Wimbledon is the first tender at National Grid to include a weighting on carbon. Laing O’Rourke was awarded the winning bid, which demonstrated a 23% carbon reduction and a ~ £3m cost saving. The carbon saving is the equivalent of taking 7,600 cars off the road for a year. So not only could the environmental targets factored into the tendering process reduce the project’s carbon footprint, a focus on sustainability made financial sense, bringing more value to customers and the end consumer.
Modifications to the substation design have made the build more efficient and resulted in carbon savings. Huge savings in sulphur hexafluoride (SF₆) were achieved through use of more efficient equipment. 17% fewer piles have been used in the foundations of the substation, and the gas insulated substation building will have a 17% smaller footprint. Firewalls were reduced from 15 to 10 during design challenges leading to reduction in material use and carbon footprint.

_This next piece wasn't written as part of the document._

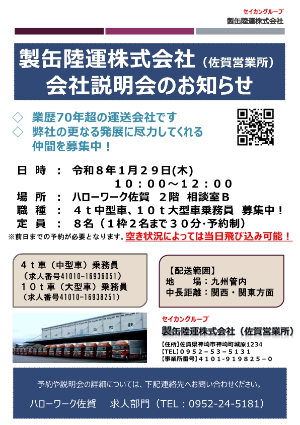 - 【1月29日】ハローワーク佐賀 会社説明会のお知らせ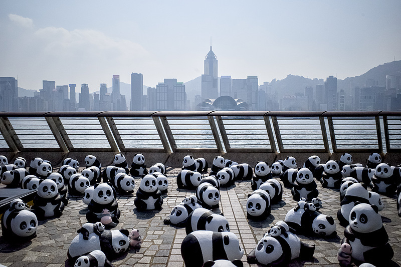△12月7日,2500只大熊猫雕塑亮相香港尖沙咀的星光大道

Specifically, the carbon reduction based on the tender design will come from:
Factoring in environmental considerations as part of the tender process for construction projects means sustainable practices are baked into the work. This not only reduces the carbon footprint of the build, but can also result in significant cost savings.
National Grid will include carbon as part of evaluation criteria in tenders where there is significant potential to save carbon and as part of its criteria on major projects, to enable the business to build and maintain a sustainable network for the future. The organisation has put an ambitious target in place, to put an internal price on carbon used in all investment decision-making on major projects by 2020.